Paper Swans

Paper Swans

05/08/24

Pleasance Courtyard (Upstairs), Edinburgh

As soon as we note that Paper Swans is a Flabbergast production, we know we need to see it. Two of their previous shows, Swell Mob and The Tragedy of Macbeth, are among the most memorable pieces we’ve ever seen at the Fringe, and we’ve seen a lot. We know that – whatever else – Paper Swans is sure to be both experimental and innovative.

We’re not wrong. Written by and co-starring Vyte Garriga, this is a surreal piece depicting a young woman in a park at night, obsessively making the titular paper swans, while a security guard (Daniel Chrisostomou) urges her to leave.

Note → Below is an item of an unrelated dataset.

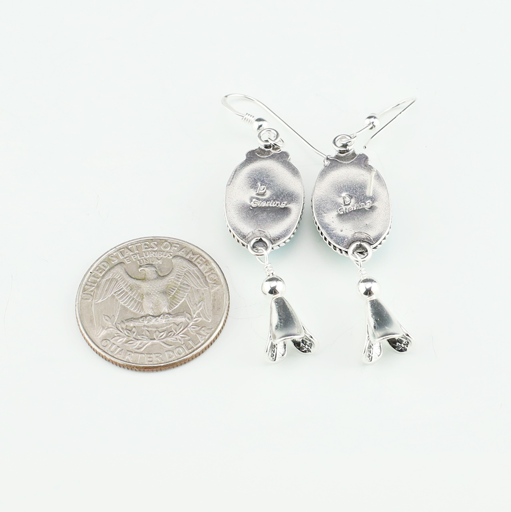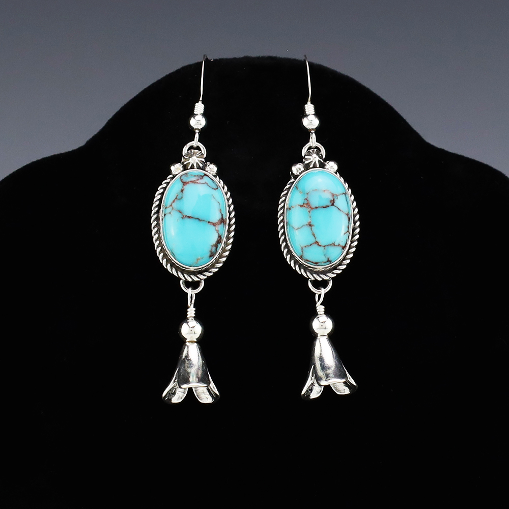 Gorgeous dangle earrings made out of sterling silver and set with Prince Turquoise stones. Hand made by Navajo artist Della Wylie. These fabulous earrings will become a versatile accessory in your jewelry collection. Weighs 10 grams. Signed.

Like most absurdist theatre, the structure is cyclical, reminiscent of a recurring dream, the characters destined to repeat the same encounter over and over. Ambiguous imagery takes precedence over coherent narrative or plot, and we’re left to ponder the possible meanings. Indeed, we spend the whole walk home doing exactly that.

The performances are highly stylised. Garriga, clad in a white leotard and tutu, resembles the origami swans she’s folding; her movement and gestures are like a ballet in slow-mo. Indeed, there are overt references to Swan Lake – to Odette, Odile and Siegfried – as well as to famous ballerinas from the past. Chrisostomou is more clown-like, his exaggerated physicality at first wonderfully comic and then desperately sad. Director Simon Gleave’s choreography is so precise and disciplined that every moment is intense, heightened to the nth degree. There is no let-up here. The hour flashes by and, as the actors take their bows, I realise that I’ve been holding my breath. I don’t know for how long.

What is Paper Swans about? I’m not entirely sure. Garriga’s website tells us that it draws on her personal experience as a woman from a post-Soviet country (Lithuania), “exploring the trauma of oppression, the price of freedom and self-discovery through visual symbolism.” So there’s that. I think it also says something about futility, about how we take up pointless causes and projects and try to make them meaningful, attaching such importance to them that we’re prepared to die rather than give them up. There’s something here about the performative nature of authoritarianism too, about how shedding the apparatus of the oppressor can make people more sympathetic, more human. Who knows? I suspect that, in fact, it’s a hall of mirrors, and all we can see are distorted images of our own mindsets.

Whatever it is, it’s gloriously done. I love it.